■ GIVEN MATERIAL ■
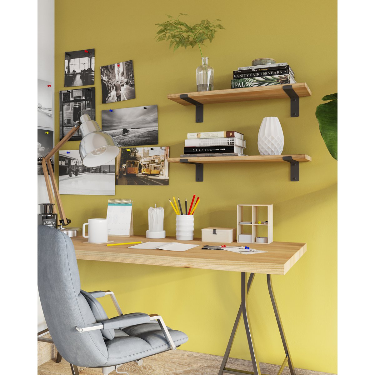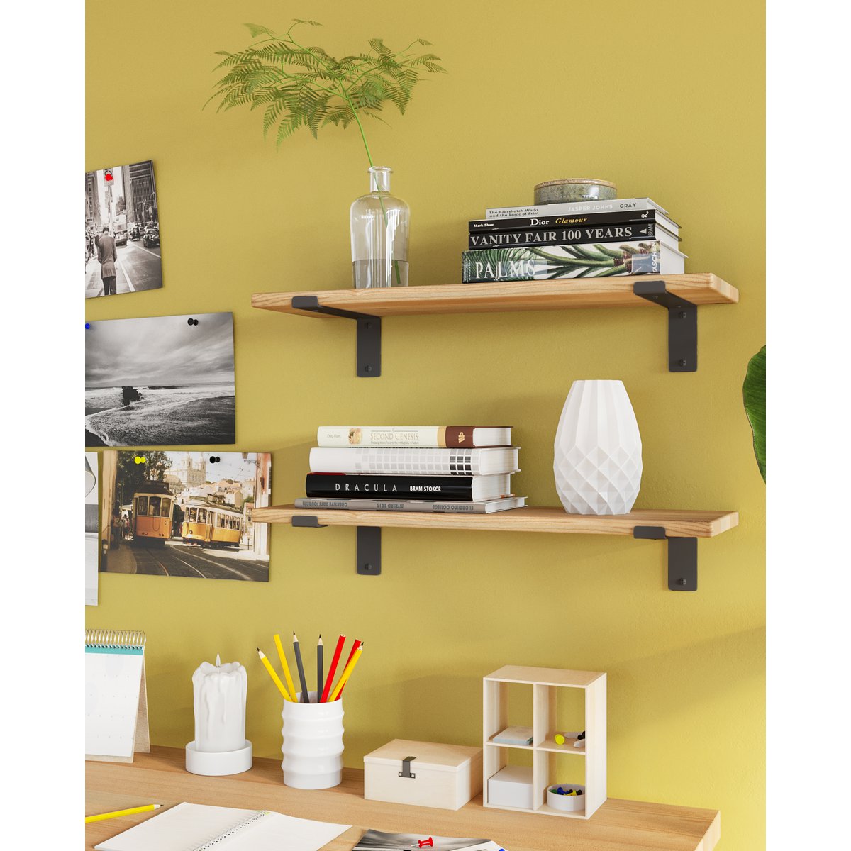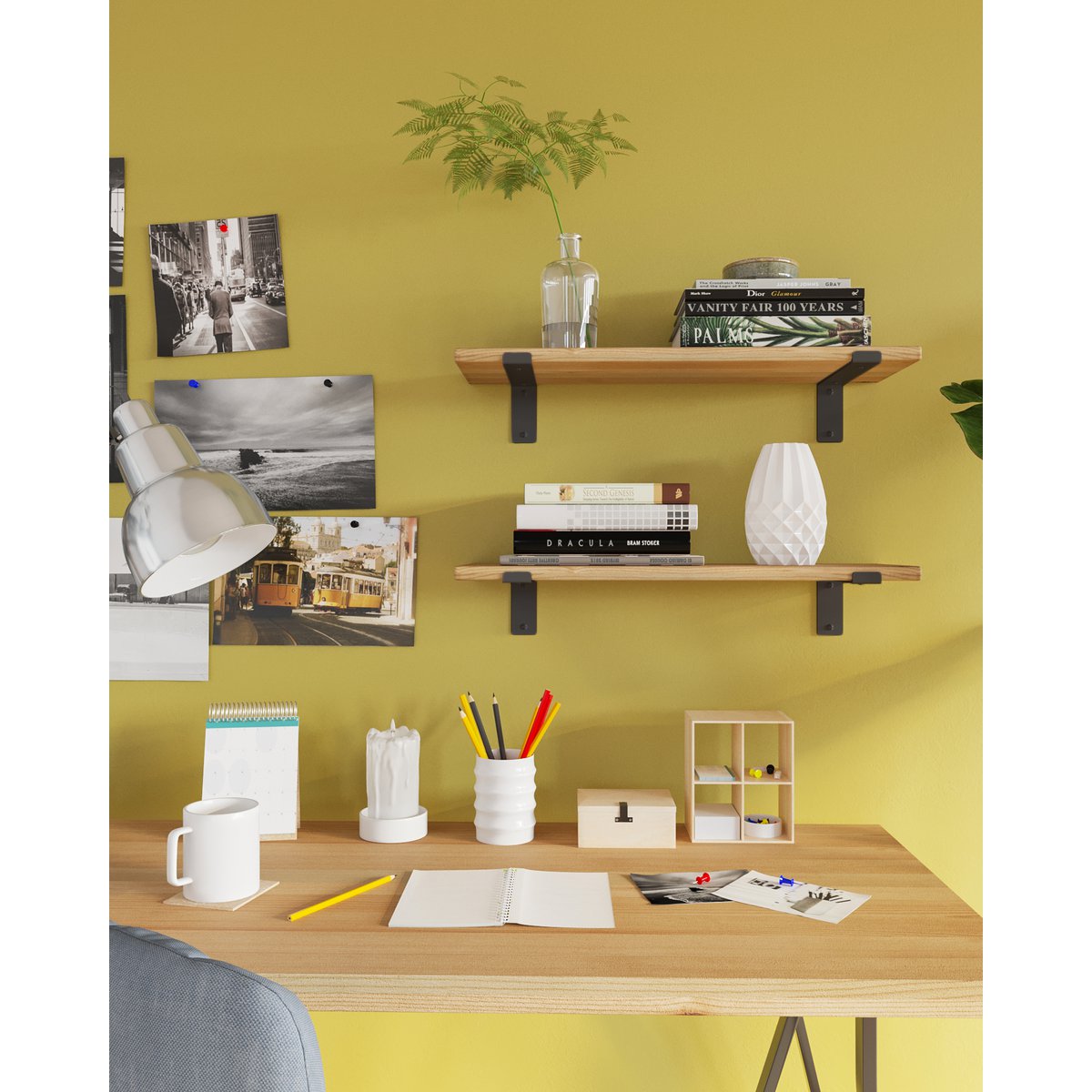 Met de Gorillz Wagon plankdragers creëer je extra opslagruimte of een stijlvolle boekenplank. Deze industriële stalen beugels zijn een sfeervolle aanwinst voor je interieur. De 2 legplankdragers komen met instructies en alle bevestigingsmaterialen zoals schroeven en pluggen voor een moeiteloze installatie. De beugels worden geproduceerd in een milieubewust proces en zijn gemaakt van gerecycled staal. De Wagon is beschikbaar met verschillende binnenmaten (20, 25 en 30 cm) en in de kleuren wit en zwart. Eigenschappen: Set van 2 plankdragers Afmeting beugel: 207 x 38 x 65,5 mm Beschikbare binnenmaten: 20, 25 en 30 cm Gemaakt van hoogwaardig staal Duurzaam geproduceerd Inclusief bevestigingsmateriaal Makkelijk te monteren Monteer de Wagon met de meegeleverde bevestigingsmaterialen. Bevestig de plankdragers met de 4 muurpluggen en 4 bijbehorende schroeven aan de wand. Schroef vervolgens een plank stevig door de beugels met de overige 4 korte schroeven. Markeer de gaten vooraf, om er zeker van te zijn dat het geheel waterpas komt te hangen. Maak je eigen boekenplank Met de Wagon plankdragers van Gorillz creëer je zelf een prachtige boekenplank of meer opbergruimte. Monteer bijvoorbeeld een karakteristieke of moderne houten legplank om de look van je woonkamer of slaapkamer volledig af te maken. De beugels zijn beschikbaar in 20, 25 en 30 cm diep is zijn gemaakt van sterk metaal. Duurzaam geproduceerd Dit product wordt duurzaam geproduceerd in onze eigen fabriek. De volledig productie is duurzaam dankzij het gebruik van zonne-energie. De gebruikte materialen zijn gemaakt van gerecyclede grondstoffen. Maak een milieubewuste keuze met de meubels en accessoires van Gorillz!
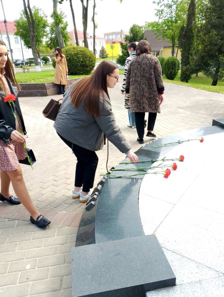 Участники квеста почтили минутой молчания погибших во время Великой Отечественной войны и возложили цветы к памятнику «Сожженным деревням».
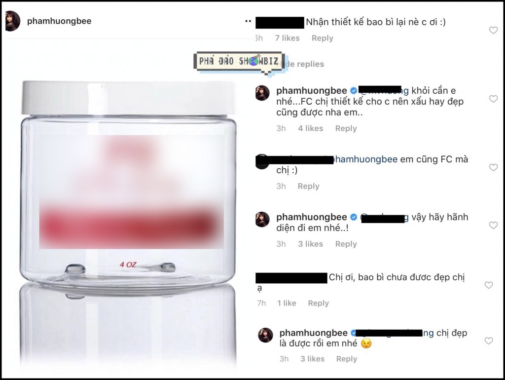 Bên cạnh những bình luận bày tỏ sự tò mò, chờ đợi về sản phẩm đầu tiên khi lấn sân sang kinh doanh của Phạm Hương, số khác lại thẳng thắn đóng góp ý kiến khi cho rằng, thiết kế sản phẩm của “Hoa hậu quốc dân” không sang trọng và kém bắt mắt. “Nhân thiết kế bao bì lại nè chị ơi”, “Chị ơi, bao bì chưa được đẹp”… – fan của Phạm Hương thẳng thắn để lại ý kiến. Ngay sau đó, Phạm Hương không ngần ngại đáp trả, kể cả đó là fan của mình: “Khỏi cần em nhé, FC chị thiết kế cho chị nên xấu hay đẹp cũng được nha em”, “Chị đẹp là được rồi em nhé”…

■ TASK DETAILS ■
Please write out all the data again word for word, but not the pictures.

■ SOLVED EXERCISE ■
 Met de Gorillz Wagon plankdragers creëer je extra opslagruimte of een stijlvolle boekenplank. Deze industriële stalen beugels zijn een sfeervolle aanwinst voor je interieur. De 2 legplankdragers komen met instructies en alle bevestigingsmaterialen zoals schroeven en pluggen voor een moeiteloze installatie. De beugels worden geproduceerd in een milieubewust proces en zijn gemaakt van gerecycled staal. De Wagon is beschikbaar met verschillende binnenmaten (20, 25 en 30 cm) en in de kleuren wit en zwart. Eigenschappen: Set van 2 plankdragers Afmeting beugel: 207 x 38 x 65,5 mm Beschikbare binnenmaten: 20, 25 en 30 cm Gemaakt van hoogwaardig staal Duurzaam geproduceerd Inclusief bevestigingsmateriaal Makkelijk te monteren Monteer de Wagon met de meegeleverde bevestigingsmaterialen. Bevestig de plankdragers met de 4 muurpluggen en 4 bijbehorende schroeven aan de wand. Schroef vervolgens een plank stevig door de beugels met de overige 4 korte schroeven. Markeer de gaten vooraf, om er zeker van te zijn dat het geheel waterpas komt te hangen. Maak je eigen boekenplank Met de Wagon plankdragers van Gorillz creëer je zelf een prachtige boekenplank of meer opbergruimte. Monteer bijvoorbeeld een karakteristieke of moderne houten legplank om de look van je woonkamer of slaapkamer volledig af te maken. De beugels zijn beschikbaar in 20, 25 en 30 cm diep is zijn gemaakt van sterk metaal. Duurzaam geproduceerd Dit product wordt duurzaam geproduceerd in onze eigen fabriek. De volledig productie is duurzaam dankzij het gebruik van zonne-energie. De gebruikte materialen zijn gemaakt van gerecyclede grondstoffen. Maak een milieubewuste keuze met de meubels en accessoires van Gorillz!
 Участники квеста почтили минутой молчания погибших во время Великой Отечественной войны и возложили цветы к памятнику «Сожженным деревням».
 Bên cạnh những bình luận bày tỏ sự tò mò, chờ đợi về sản phẩm đầu tiên khi lấn sân sang kinh doanh của Phạm Hương, số khác lại thẳng thắn đóng góp ý kiến khi cho rằng, thiết kế sản phẩm của “Hoa hậu quốc dân” không sang trọng và kém bắt mắt. “Nhân thiết kế bao bì lại nè chị ơi”, “Chị ơi, bao bì chưa được đẹp”… – fan của Phạm Hương thẳng thắn để lại ý kiến. Ngay sau đó, Phạm Hương không ngần ngại đáp trả, kể cả đó là fan của mình: “Khỏi cần em nhé, FC chị thiết kế cho chị nên xấu hay đẹp cũng được nha em”, “Chị đẹp là được rồi em nhé”…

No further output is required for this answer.